▶ _Provided entries_
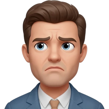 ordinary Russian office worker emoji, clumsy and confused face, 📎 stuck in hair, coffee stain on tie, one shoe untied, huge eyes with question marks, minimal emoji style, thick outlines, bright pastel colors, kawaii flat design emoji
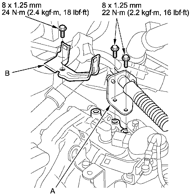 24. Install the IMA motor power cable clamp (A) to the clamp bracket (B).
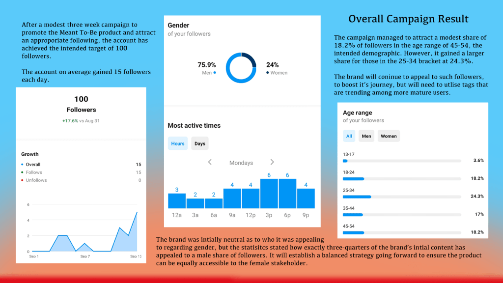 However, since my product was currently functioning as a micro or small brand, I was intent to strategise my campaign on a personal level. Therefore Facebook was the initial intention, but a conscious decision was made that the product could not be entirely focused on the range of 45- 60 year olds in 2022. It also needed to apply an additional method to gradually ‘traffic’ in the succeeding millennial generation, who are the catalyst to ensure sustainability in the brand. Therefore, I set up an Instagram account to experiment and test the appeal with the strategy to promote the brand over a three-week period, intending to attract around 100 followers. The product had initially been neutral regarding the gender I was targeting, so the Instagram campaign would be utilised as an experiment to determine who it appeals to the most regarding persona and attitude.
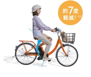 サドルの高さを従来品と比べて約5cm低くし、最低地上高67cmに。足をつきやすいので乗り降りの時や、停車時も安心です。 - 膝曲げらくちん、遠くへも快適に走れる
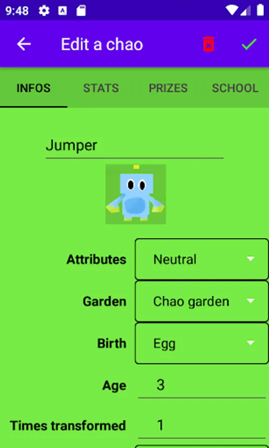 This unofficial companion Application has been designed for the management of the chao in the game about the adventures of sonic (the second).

▶ _Work order_
Please output every line of the listing as it stands, and omit its images.

▶ _Solution to the exercise_
 ordinary Russian office worker emoji, clumsy and confused face, 📎 stuck in hair, coffee stain on tie, one shoe untied, huge eyes with question marks, minimal emoji style, thick outlines, bright pastel colors, kawaii flat design emoji
 24. Install the IMA motor power cable clamp (A) to the clamp bracket (B).
 However, since my product was currently functioning as a micro or small brand, I was intent to strategise my campaign on a personal level. Therefore Facebook was the initial intention, but a conscious decision was made that the product could not be entirely focused on the range of 45- 60 year olds in 2022. It also needed to apply an additional method to gradually ‘traffic’ in the succeeding millennial generation, who are the catalyst to ensure sustainability in the brand. Therefore, I set up an Instagram account to experiment and test the appeal with the strategy to promote the brand over a three-week period, intending to attract around 100 followers. The product had initially been neutral regarding the gender I was targeting, so the Instagram campaign would be utilised as an experiment to determine who it appeals to the most regarding persona and attitude.
 サドルの高さを従来品と比べて約5cm低くし、最低地上高67cmに。足をつきやすいので乗り降りの時や、停車時も安心です。 - 膝曲げらくちん、遠くへも快適に走れる
 This unofficial companion Application has been designed for the management of the chao in the game about the adventures of sonic (the second).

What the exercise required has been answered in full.